The goal of this week was to improve upon our Ontology through familiarizing ourselves with the data we will be receiving from our data sources. We had met with Dr. Bansal and I was able to obtain feedback regarding the questions that arose when building the ontology. She was able to clarify how we will utilize the sameAs property to link our instances to sources like schema.org or dbpedia. She was also able to explain that what we decide to name our classes does not have to align with prior vocabularies.
Since we decided to revisit building the ontology once we finalize our data set, we went back to locating our data. We were able to obtain API keys to our various sources, and had thought that would be sufficient. The issue we now face our the limitations of the API's. For example the Great Schools API has a 3,000 calls per day limit. This seems very restricted, but since we are just looking to obtain a pool of data, this can still work.
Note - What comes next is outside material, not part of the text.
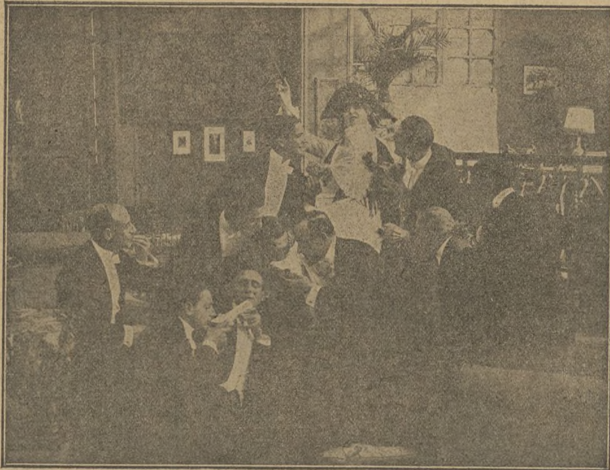
Una escena de la interesante película «Bailarinas».

—Hubiera sido imbécil — piensa el simpá-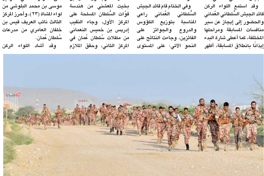
■ المتسابقون خلال المشاركة في المسابقة

مسقط. العمانية: ختم الجيش السلطاني العماني أسس مسابقة اختراق الضاحية بمشاركة (15) فريقاً يمثلون مختلف أويته وتشكيلاته ووحداته برعاية اللواء الركن مطر بن سالم البلوشي قائد الجيش السلطاني العماني. وقد استمع اللواء الركن قائد الجيش السلطاني العماني والحضور إلى إيجاز عن سير منافسات المسابقة ومراحلها المختلفة، كما أعطى إشارة البدء إيداناً بانطلاق المسابقة، أظهر

The reason this is sufficient is because of the methods they provide. There is a call that searches for nearby schools. We simply need to provide an address and a given radius to obtain a list of schools. If we enter a large enough radius, we should expect to receive a list of all schools in the US, which is exactly what we need. From there, we can realize all of the properties that are included for each school and begin to organize them within our created schema. Not all of the API's we obtained access to provided the same level of data access. I looked into zillow's API in order to obtain lists of properties that are either for sale or rent. Once obtaining the API key, I looked into what types of methods they provided. Zillow API usage was very limited. We are restricted to viewing one property per call. With the number of properties for sale, or for rent, we will quickly meet our call limitation if we were to use this in a live application. There were also similar issues with the API's my group members were researching, so we knew another approach to obtain the data will need to be taken.
Dr. Bansal had provided us a research paper that she was involved with that covered the building of a linked data application. In the paper, they had resorted to screen scraping websites to obtain their desired data. I am familiar with the process, and understand the basic concepts of how it will work, but have never had any hands on experience. There are many techniques that can be used to screen scrape data, and may be done using a number of different programming languages. Instead of diving into screen scraping without any guidance or best practices, I will ask for suggestions and resources fro Dr. Bansal. I hope to be able to familiarize myself with screen scraping and be comfortable writing scripts by the end of this year.